1. Worden (1996) has proposed a model that could be used to measure the performance of brains. He argues that the model is capable of describing all aspects of cognition. Nonetheless, only two rather simple examples are presented and it is left to the reader's intuition why and how the model could be extended to more complicated cases. The model is embedded into a simple probabilistic framework and prescribes optimal behaviour as the maximisation of the immediate expected reward (MIER). For later reference I abbreviate this model as the MIER model.

2. Worden's first claim suggests that cognition has a species dependent limit. This claim has two parts: the first part says that there is a best possible brain for any species. This is not necessarily the case if the values that enter the model are unbounded or if there are infinitely many actions. The second part is weaker: it says that the performance of a brain for a certain species is limited. This just requires that the values be bounded. I think that the boundedness of values is acceptable, but not the finiteness of actions. Thus, one can not expect that optimal performance will even be achieved for this model; nonetheless, optimal performance may still exist. Moreover, I do not feel that the existence of a limit for cognition would be "striking" (see paragraph 14 of the target article) provided that fitness, by which the performance of cognition is measured, has an upper bound. Even strengthening this to say that there is a species independent limit of cognition, would not be surprising provided that the values of outcomes are uniformly bounded. We will see later that this assumption, when transferred back to an evolutionary framework, results in the requirements that the lifetime of animals as well as the fitness values of situations should have a species independent limit.

3. A more intricate question is how cognition is related to the evolution of species.
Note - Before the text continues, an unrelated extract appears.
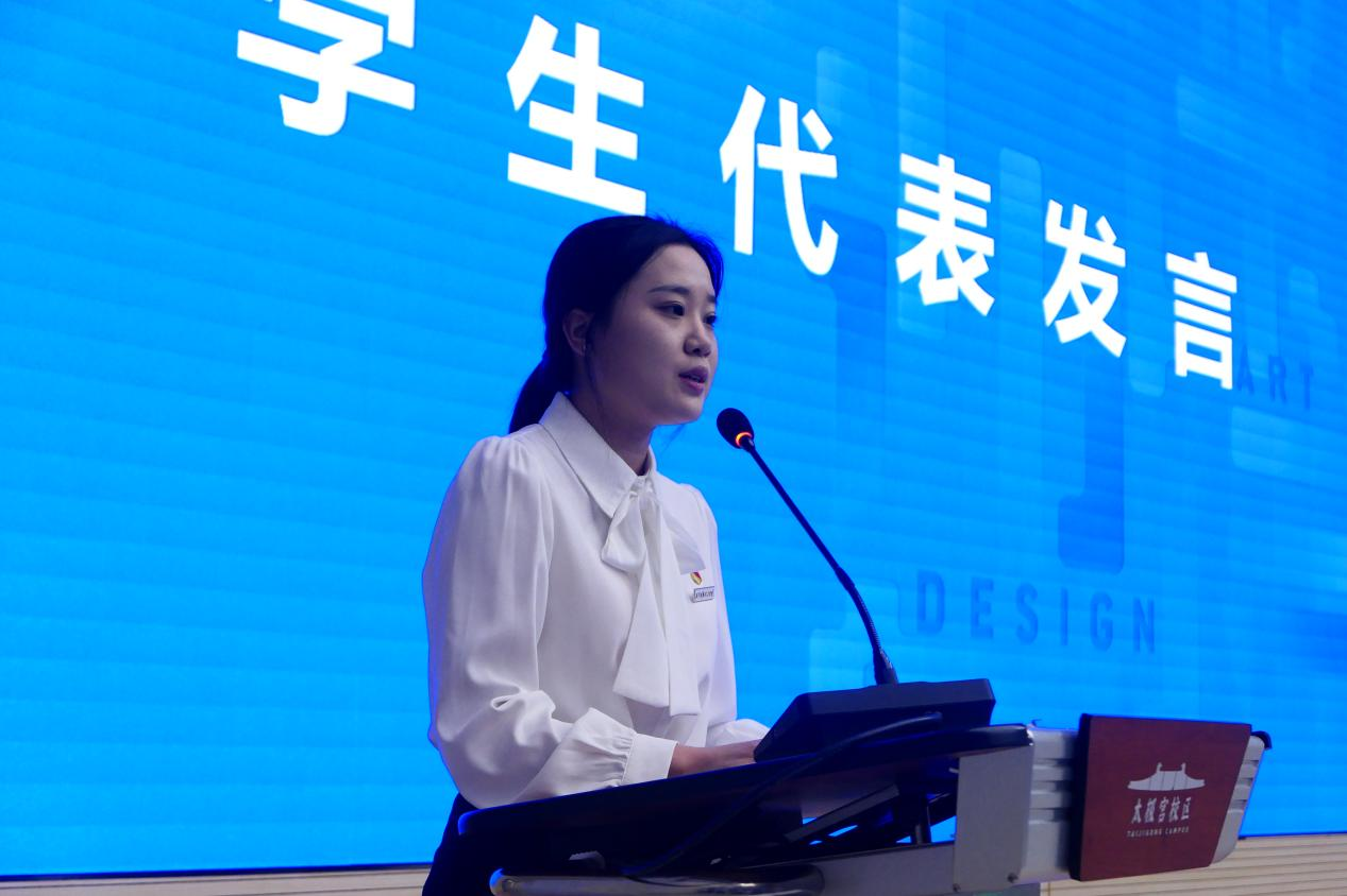 2024届优秀毕业生代表山格格发言。她代表全体毕业生感谢母校的悉心栽培和老师的谆谆教诲,4年时光,老师们答疑解惑,同学们互帮互助,在明德,学子们不仅收获了丰富的理论知识、提高了审美素养,而且激发了创新精神、增强了实践能力。今天的毕业不是结束,而是一场征程的开始。在今后的专业道路上,自己将不忘教师教诲,坚守艺术创作初心,用自己的实际行动为母校争光,为社会服务。

Some authors have argued that ideas themselves can be the subject of a meta-level evolutionary process (e.g., see Dawkins, 1976), and this process reacts on the evolution of brains and thus on cognition. This means that brains are not necessarily the mere means of the evolution of a species. Let us now disregard this point (this simplification may be reasonable for low-level forms of cognition).

4. What aspects of cognition can be captured by the MIER model? Is it not too confining to restrict our attention to these aspects? Are we not loosing important details in doing so? We will consider a model, borrowed from operations research, that concerns the behaviour of an agent (animal) who faces a dynamical decision problem. We hope that, based on this model, it becomes possible to interpret phrases like "situated agent", "internal representation", "symbolic cognition", etc., and we can thus characterise some cases when the MIER model is sufficient as well as others when it is insufficient.
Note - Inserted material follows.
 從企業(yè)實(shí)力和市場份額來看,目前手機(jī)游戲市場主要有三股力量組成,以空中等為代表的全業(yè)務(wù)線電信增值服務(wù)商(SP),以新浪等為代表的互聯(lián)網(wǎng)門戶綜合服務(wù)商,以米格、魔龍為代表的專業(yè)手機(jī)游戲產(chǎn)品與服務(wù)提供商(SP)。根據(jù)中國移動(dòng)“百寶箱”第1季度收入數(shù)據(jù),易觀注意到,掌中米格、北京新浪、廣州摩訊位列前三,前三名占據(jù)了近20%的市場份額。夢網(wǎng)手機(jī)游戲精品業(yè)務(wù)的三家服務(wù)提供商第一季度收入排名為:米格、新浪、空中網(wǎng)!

5. Assume that the possible states of the World are collected in some set, W. Assume further that any element of W (I will denote such an element by w) can be decomposed as a triple (e,x,a): this decomposition represents the agent's point of view in as much as the agent's states (x) and actions (a) are separated from the states of the environment (e). For simplicity, time is assumed to be discrete (note that it is not immediate that by assuming time to be discrete we do not lose generality) and at every time instant the agent perceives the state of the world through some limited capability transducers: y=P(w). Here y represents the perception of the agent.

6. The world's state evolves according to the equation

(1) w_{t+1}= E(w_{t}),

and more specifically, I assume that this can be decomposed as

(2) x_{t+1}= L( x_{t}, y_{t}), (3) a_{t+1}= D( x_{t}, y_{t}),

where

(4) y_{t}= P( w_{t}).

7. Equations (2) and (3) tell us that the dependence of the evolution of the agent's state and action on the state of the rest of the world goes through the perception function P. The above equations are commonly used in control theory and control theorists would say that an agent whose decision process is described by equations (2) and (3) realises "dynamic state feedback" as opposed to "static state feedback" when equations (2) and (3) were replaced by

(2)' x_{t+1}= x_{t}, (3)' a_{t+1}= D( y_{t}).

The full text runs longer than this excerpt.